Given material =
[Start of section]

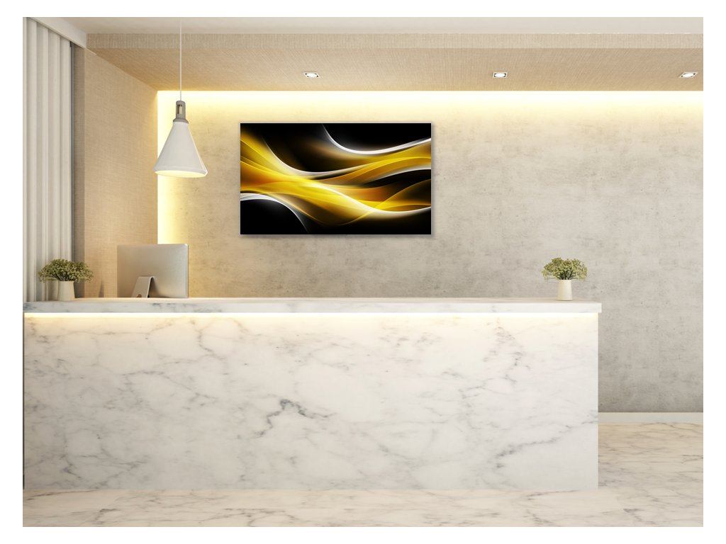 Obraz skleněný abstrakt žlutá vlna na černém pozadí
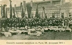 The text reads: "The blood Sunday before Lent in Ruse, 28 February 1910".
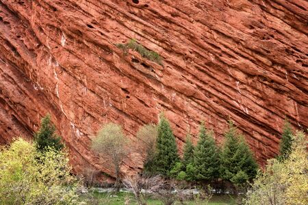 Red rock formations called Seven Bulls in Jety Oguz, Tien Shan mountains, Kyrgyzstan, Central Asia
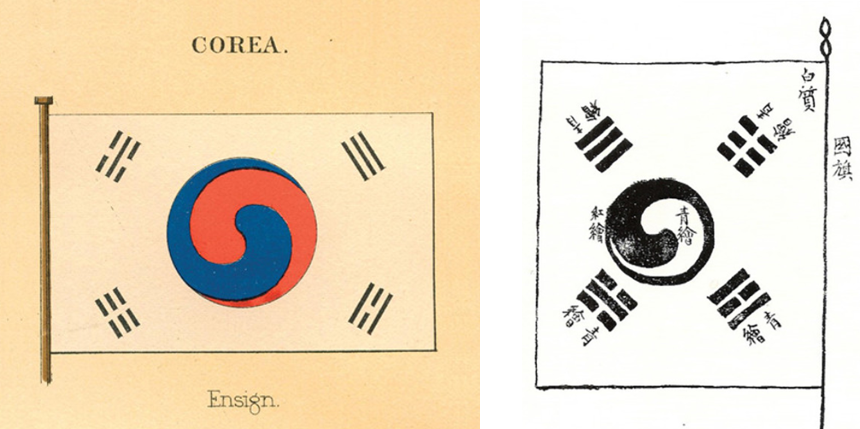 그 전까지 왕조국가 조선에는 국기 대신 어기(御旗, 태극팔괘도)가 있었는데, 태극기는 태극팔괘도를 일부 변형한 것으로 보인다. 1882년 미 해군부이 해양국가의 깃발들(Flags of Maritime Nations)를 발간했는데, 여기에는 당시 세계 49개국 154점의 깃발을 소개하고 있다. 그 중 태극기로 추정되는 문양 위에는 Corea와 아래에는 Ensign(선적기)이라는 표기가 있다. 선적기는 선박의 국적을 나타내니, 국기라고 볼 수도 있다.

[End of section]

Problem to work on = Print the listing word for word, but omit the pictures.

Solution below =
 Obraz skleněný abstrakt žlutá vlna na černém pozadí
 The text reads: "The blood Sunday before Lent in Ruse, 28 February 1910".
 Red rock formations called Seven Bulls in Jety Oguz, Tien Shan mountains, Kyrgyzstan, Central Asia
 그 전까지 왕조국가 조선에는 국기 대신 어기(御旗, 태극팔괘도)가 있었는데, 태극기는 태극팔괘도를 일부 변형한 것으로 보인다. 1882년 미 해군부이 해양국가의 깃발들(Flags of Maritime Nations)를 발간했는데, 여기에는 당시 세계 49개국 154점의 깃발을 소개하고 있다. 그 중 태극기로 추정되는 문양 위에는 Corea와 아래에는 Ensign(선적기)이라는 표기가 있다. 선적기는 선박의 국적을 나타내니, 국기라고 볼 수도 있다.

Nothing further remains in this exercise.